Everything we eat has a story. A story about where it came
from, how it was made, born, or spouted; and how it travelled toward us.
Everything we eat also becomes
part of our own story. A link in the web of meaning that flavour holds for
us. Each bit of sustenance that passes over our lips has the potential to start
a story, or to stir up a memory.
Quince, for me, is
winter. It’s granny food. It exists, in bottled form, on the colour scale
from fleshy crayfish to sensuous stripper red. It’s neatly layered in conserve
bottled, lids tightly screwed on.
I don’t really remember by granny ever making anything with
quince.
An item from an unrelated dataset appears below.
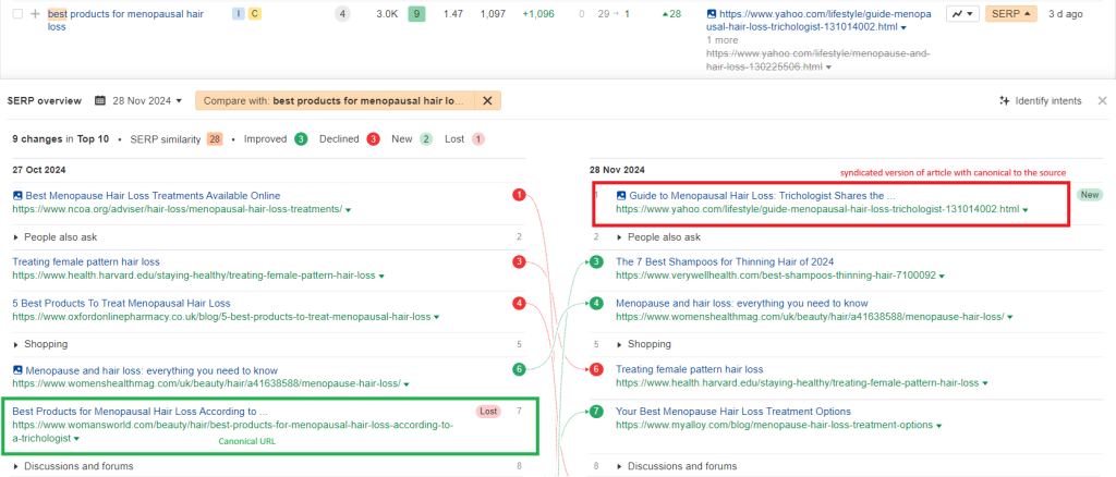 - Google’s algorithm appears to befavoring syndicated content over original sources in some instances, even when the canonical link is correctly placed.

Maybe she did, and I only associate it with her because the senses of
smell and roots of nostalgia were affixed in me before my visual memories.
Maybe I associate quince with the wrinkled faces of old women I saw as we
paused at farm stalls across the country during family holidays. Neatly packed
in rows with handwritten labels. Part of the granny-domain.
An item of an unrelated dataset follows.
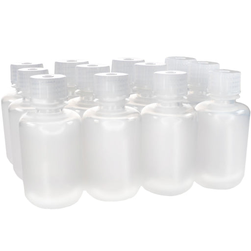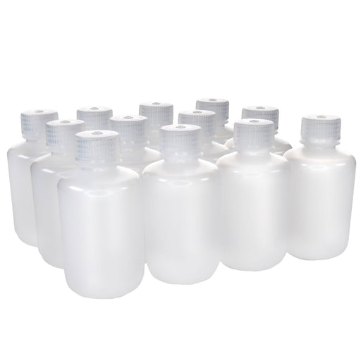 PACK OF 12 HDPE REAGENT BOTTLES || Includes twelve 125mL translucent wide-mouth bottles made of HDPE, featuring polypropylene caps, ideal for reag...

Either way, I walked into a local supermarket last week in a
post-exam daze. My mind was still whirling with theories and ethnographic
accounts. I was craving something I couldn’t name.
I saw the quince, bright yellow, bulbous on the shelf,
larger than the surrounding fruit. I knew immediately that they were what I
needed. I selected three, smooth skinned and heavy for their weight.
Quince poached in rosé wine with orange and vanilla
I bought them home, and started to put the exam out of my
mind as I emptied the bottle of rosé wine (merlot and pintoage) that I had
bought into a saucepan with 1 cup of sugar and 1 orange, cut into wedges. I
peeled the three quinces one by one, with a peeler, nibbling at the skin to gauge it.
Apple-y and sour, strong.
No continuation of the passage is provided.